Current problem: the Ordered() transformation add the Jacobian_det incorrectly due to broadcasting
Say we use the Ordered() transformation as in the PR:
ordered = pm.distributions.transforms.Ordered() testval = np.asarray([-1.,1.,4.]) with pm.Model() as m: x = pm.Normal('x', 0., 1., shape=3, transform=ordered, testval=testval)
The transformation and the jacobian are computed correctly, as you can check by doing:
ordered.forward(testval).eval() # array([-1. , 0.69314718, 1.09861229]) ordered.jacobian_det(ordered.forward(testval)).eval() # array(1.79175947)
However, when we are adding the jacobian_det to the logp, a bias is introduced:
self.transform_used.jacobian_det(x) is a scaler, and
self.dist.logp(self.transform_used.backward(x)) is a
shape=3 tensor (logp is computed element-wise), the jacobian_det is broadcast to
shape=3, which generates bias:
# correct value (pm.Normal.dist(0., 1.).logp(testval).sum() + ordered.jacobian_det(ordered.forward(testval))).sum().eval() # array(-9.96505613) # incorrect value (also the current result) (pm.Normal.dist(0., 1.).logp(testval)+ordered.jacobian_det(ordered.forward(testval))).eval().sum() m.logp(m.test_point) # array(-6.38153719)

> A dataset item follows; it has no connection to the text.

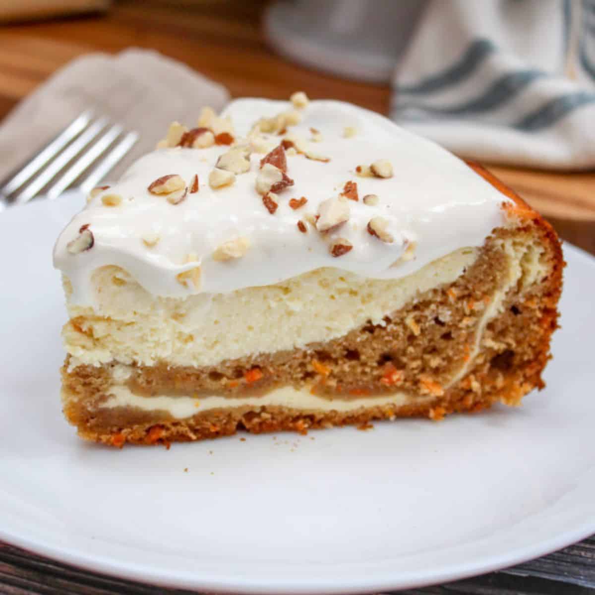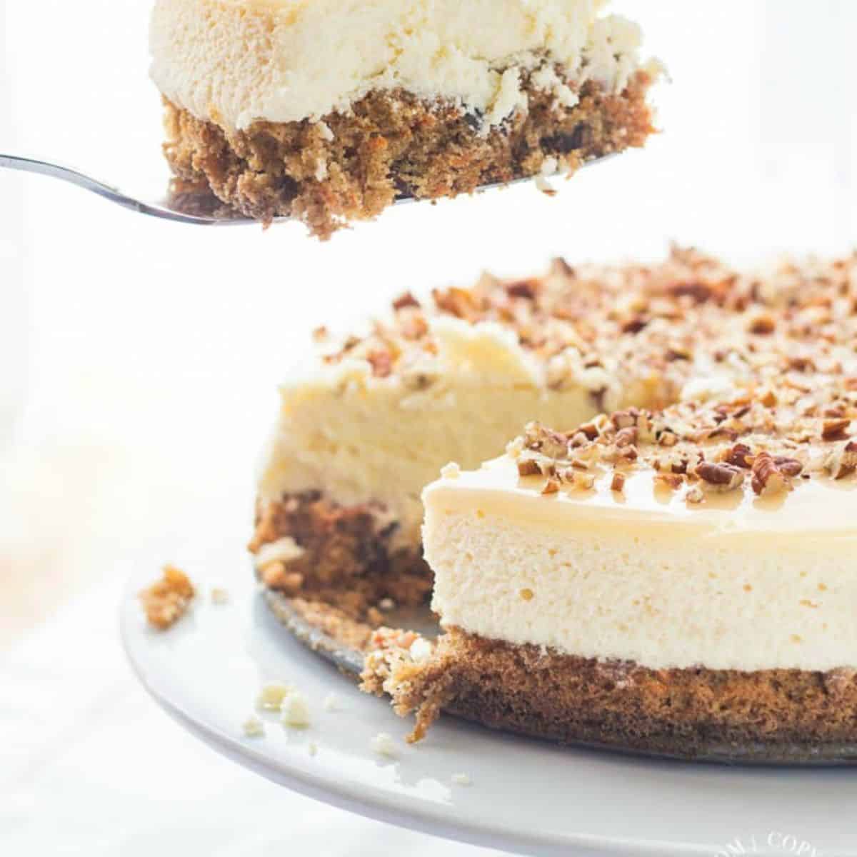 This cheesecake is the best of both worlds: a perfectly spiced carrot cake, swirled together with a rich creamy vanilla cheesecake.

Another demonstration could be found in this notebook
How serious is this:
As far as I can tell, it does not affect our current official code, as vector transformation such as stick_breaking and CholeskyCovPacked is applied within a multivariant distribution. Unless users are rolling out their own transformation such as the ordered mentioned here, and softmax transformation.
However, it does creates some headaches if we want to implement chain transformation correctly. A few ideas:
- a quick fix: dividing the jacobian_det by the number of elements, and then broadcast into the same size vector. However, when you are displaying the logpt of the basic_RV it will be incorrect
- perform the sum along the correct axis in the logp function. It would be the correct implmenation, but in the chain composition things will get hairy: it would mean the vector transformation is only allowed as the last transformation? what about multiple vector transformation? also how should we implement it?
- adding the jacobian as a potential instead of adding to the logp directly. The downside is that the logpt of the basic_RV it will be incorrect, also potential overhead when we add new potential to the modelcontext.
I have yet to confirm how tensorflow handle this in bijectors/chain.